One time we went to a farmers’ market near the boardwalk and I barely knew her, we’d been on only a few dates, and I wanted to get her something. I asked her what her favorite fruit was, and she asked me to guess, said we’d discussed it at some point in the short time we’d known each other and that she would be impressed if I remembered. I did not remember. I had no idea. I guessed apples as we passed a woman selling Galas and Pink Ladies, and oranges when we saw several vendors hawking them. She smiled at me, enigmatic, and said no.

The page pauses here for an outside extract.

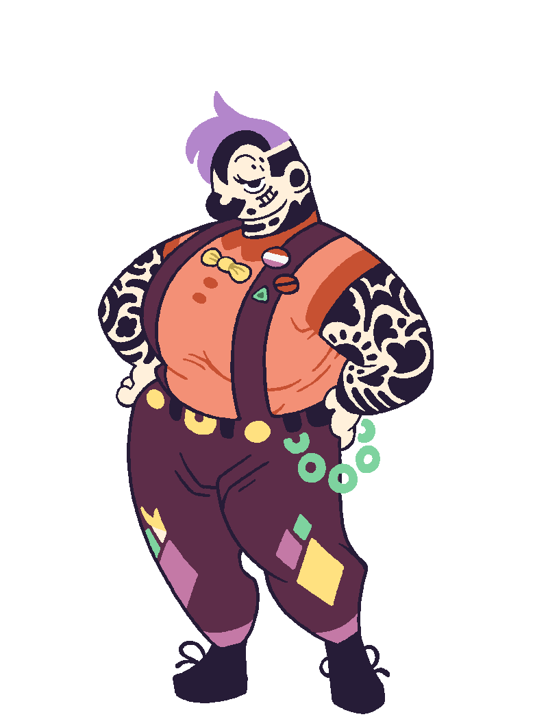 THE CHARACTERS of Queer’s Query consist of a wide variety of queer identities. One of my main goals for this project was to be able to create a cast that are all distinctly unique in terms of identity, body type, and personality. I believe representation in video games is a very important subject, being able to see yourself in a character you enjoy or look up to, especially in a fantastical setting, can be a great feeling, especially for queer youth.
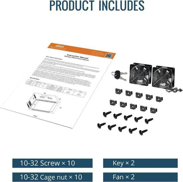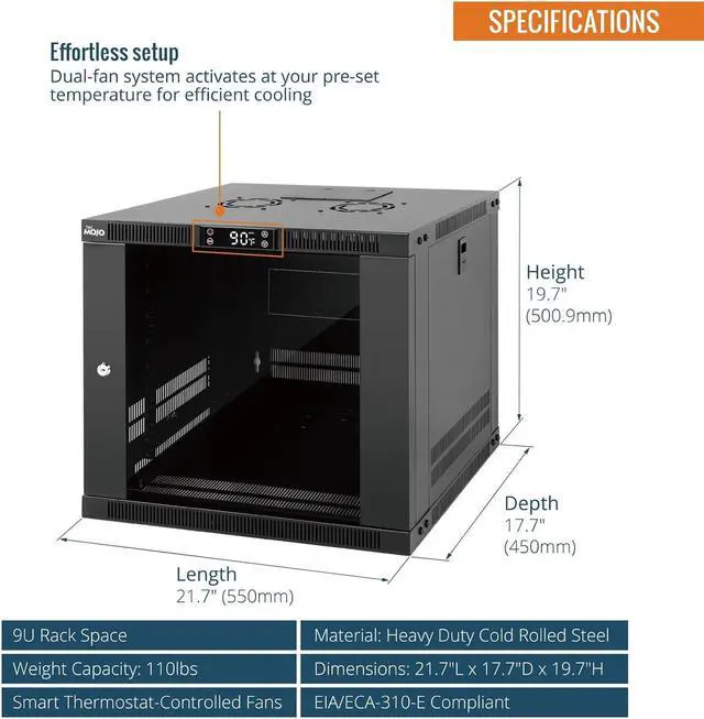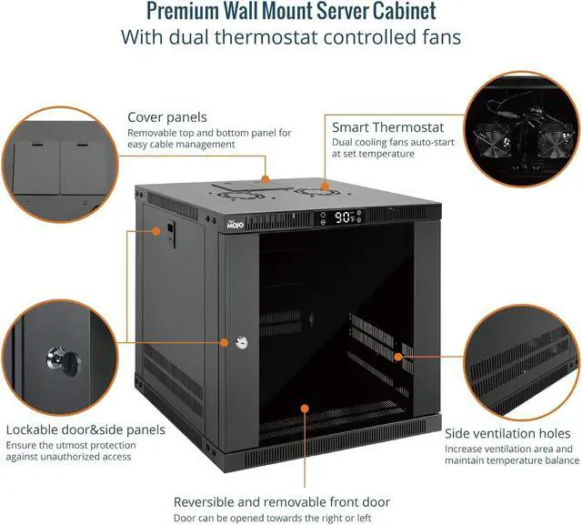 Thermostat-Controlled Cooling: Dual quiet fans automatically activate at preset temperatures, providing efficient airflow to reduce internal heat and extend the lifespan of your servers, switches, patch panels, and other rack-mounted devices

Evangeline, star in the sky, so sweet in your smile, I never stood a chance.

I gave up after not trying very hard at all and said I would assign her a favorite fruit, I would just pick something and that would be her favorite fruit. We walked by a stand selling fruit pies, and I bought the first one I saw, told her whatever was inside was her new favorite fruit. It was strawberry rhubarb, and she laughed long and hard, bright and brilliant, because strawberry rhubarb pie was her grandmother’s favorite, and of all the pies I could have picked it was clearly no coincidence I’d chosen one with which she already had a connection.

I saw that moment in her eyes as she looked at me, saw that one and all the rest, all the hundreds of them that we stacked between us in the years and years since we’d met. She wished she could sever herself from me but those hundreds and thousands of moments connected us too well.

She slid off the dress and left it on the floor, left me holding the ripped strap. She stepped over the dress in her high heels and disappeared into the bathroom, the door clicking shut behind her.

I hear her phone ring now, and I hear her voice, muted by distance, as she answers it. The sewing machine cuts off in mid-sentence when her foot releases the pedal to concentrate on her conversation. I sit up halfway so I can hear better, hear if she is going out, hear if this will finally be the time she leaves and does not return. The world briefly spins, darkening, brightening, and my heart trip-hammers in my chest as I will my vision to clear. As soon as the room sorts itself out I ascertain the stars outside the window, assuring myself of their vitality. I don’t want to lose them. I have a habit of that.